‘Trump embraces state capitalism’ declared the US news site Foreign Policy in July: ‘the level of U.S. government economic intervention under Trump 2.0 is off the charts’. In August the Wall Street Journal took up the theme in an article by its chief economics commentator, Greg Ig: ‘The U.S. Marches Toward State Capitalism With American Characteristics’, he wrote, ‘President Trump is imitating Chinese Communist Party by extending political control ever deeper into economy’.
Ig instanced ‘Trump’s demand that Intel’s chief executive resign; the 15% of certain chip sales to China that Nvidia and Advanced Micro Devices will share with Washington; the “golden share” Washington will get in U.S. Steel as a condition of Nippon Steel’s takeover; and the $1.5 trillion of promised investment from trading partners Trump plans to personally direct’. He commented:
‘This isn’t socialism, in which the state owns the means of production. It is more like state capitalism, a hybrid between socialism and capitalism in which the state guides the decisions of nominally private enterprises. China calls its hybrid “socialism with Chinese characteristics.” The U.S. hasn’t gone as far as China or even milder practitioners of state capitalism such as Russia, Brazil and, at times, France. So call this variant “state capitalism with American characteristics.”’

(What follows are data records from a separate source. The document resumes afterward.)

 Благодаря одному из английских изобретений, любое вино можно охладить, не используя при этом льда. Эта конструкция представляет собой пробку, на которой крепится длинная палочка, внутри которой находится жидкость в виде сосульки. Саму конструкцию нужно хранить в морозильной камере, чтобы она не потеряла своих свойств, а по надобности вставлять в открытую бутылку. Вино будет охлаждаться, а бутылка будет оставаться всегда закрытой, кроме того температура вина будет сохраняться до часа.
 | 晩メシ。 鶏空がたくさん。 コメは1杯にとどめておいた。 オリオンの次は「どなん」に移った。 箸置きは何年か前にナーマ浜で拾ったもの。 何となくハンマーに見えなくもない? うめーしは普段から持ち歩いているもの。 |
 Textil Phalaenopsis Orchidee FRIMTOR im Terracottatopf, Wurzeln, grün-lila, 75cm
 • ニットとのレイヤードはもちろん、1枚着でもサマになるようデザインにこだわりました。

This is one definition of state capitalism, but state ownership is not socialism; nor can there be any hybrid between socialism and capitalism. Capitalism exists whenever there is minority ownership of the means of production, wage-labour and production for sale and profit, irrespective of whether that ownership is via individual ownership, a limited company or a nationalised industry.

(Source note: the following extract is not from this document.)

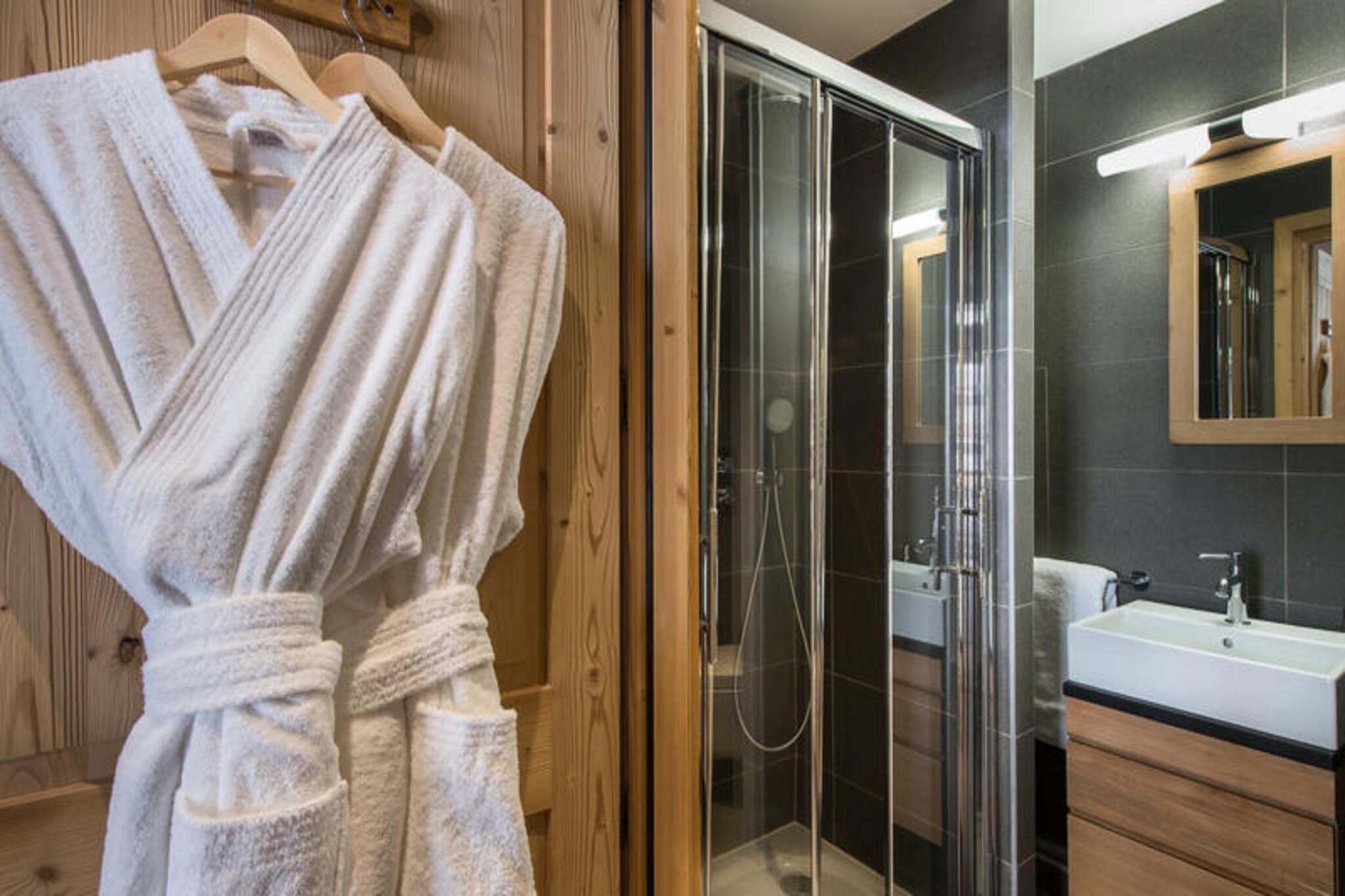Denne rummelige duplex-lejlighed på 112 m² er beliggende på 3. sal i en luksusbolig og rummer komfortabelt op til 8 personer i sine 4 soveværelser. Det har to soveværelser med dobbeltsenge med en-suite badeværelser, et tredje soveværelse med dobbeltseng og et kabineværelse med køjesenge, hvilket gør det ideelt for familier eller grupper. Lejligheden er ikke-ryger, og kæledyr er ikke tilladt. Denne ejendom ligger kun 150 meter fra snefronten og Ariondaz-gondolen og tilbyder hurtig adgang til skiløjperne og området 3 Valleys. Hjertet af Courchevel Moriond er lige uden for døren, med butikker, barer, restauranter og den franske skiskole (ESF) inden for rækkevidde, hvilket sikrer, at både afslapning og eventyr er kun få øjeblikke væk. Lejligheden har et fuldt udstyret åbent køkken, en spiseplads og en hyggelig stue med et fjernsyn. For nemheds skyld er der et skiskab, Wi-Fi, en værdiboks og to parkeringspladser. Yderligere faciliteter omfatter regelmæssig rengøring to gange om ugen og slutrengøring, hvilket sikrer et behageligt ophold.

The term ‘state capitalism’ first came into use towards the end of the 19th century, to describe instances where the government performs the role of capitalist by employing wage-labour and selling the product or service to realise a profit, such as state-owned and run mines and railways. After the Bolsheviks seized power in 1917, Lenin extended the term to include the development of private capitalism under the direction and control of the state. Others later extended the meaning further to include a nationalised economy without private capitalists but still with wage-labour, production for the market and a privileged ruling class such as eventually developed in Russia.

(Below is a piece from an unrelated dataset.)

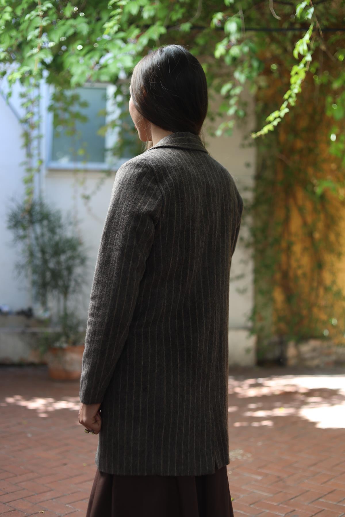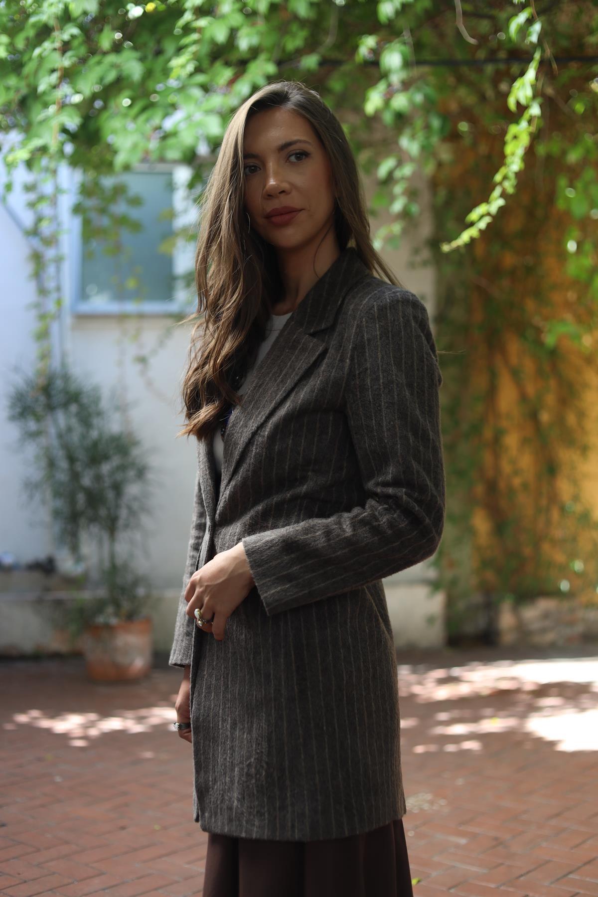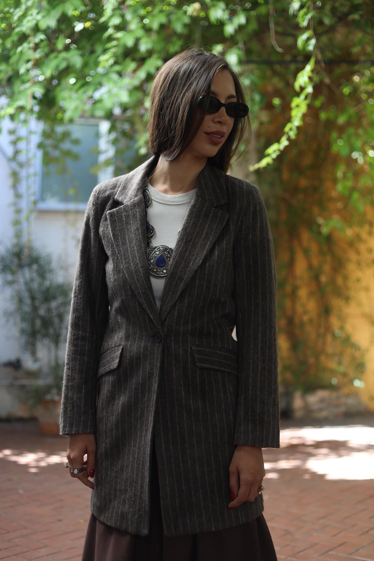 Kahverengi Çizgili Uzun Kaşe Ceket

It was a term used more by critics than by supporters of capitalism. Latterly, however, it has come to be used routinely in the media to describe the economic system in China where political control is firmly in the hands of a single party but where profit-seeking private enterprises are allowed to operate, where their shares are traded and where state-owned enterprises compete on the world market with the same aim and methods as private capitalist enterprises.
Politically motivated government intervention in the economy is not new — governments have always done this to one degree or another via taxes, subsidies, tariffs, and monetary policy — but calling this ‘state capitalism’ is new, at least in openly pro-capitalist circles. This could even be seen as a step forward in that, previously, they called it ‘socialism’, ‘communism’, ‘Marxism’, a travesty of these words. The more backward of them still do, as this from Fortune (12 August) magazine:
‘Many free-market economists and business leaders who have long worshipped the free-market ideals of Adam Smith, Friedrich Hayek, Ayn Rand, and Milton Friedman should be aware that their idols would be rolling in their graves right now, as rather than pursue standard laissez-faire conservative economic policies, MAGA has gone Marxist and even, increasingly, Maoist’).
Even though it is quite ludicrous to say that Trump has ‘gone Marxist’, there is a delicious irony in him being accused of undermining capitalism. Not that he is of course. He is using state power in what he considers to be the general interest of the US capitalist class.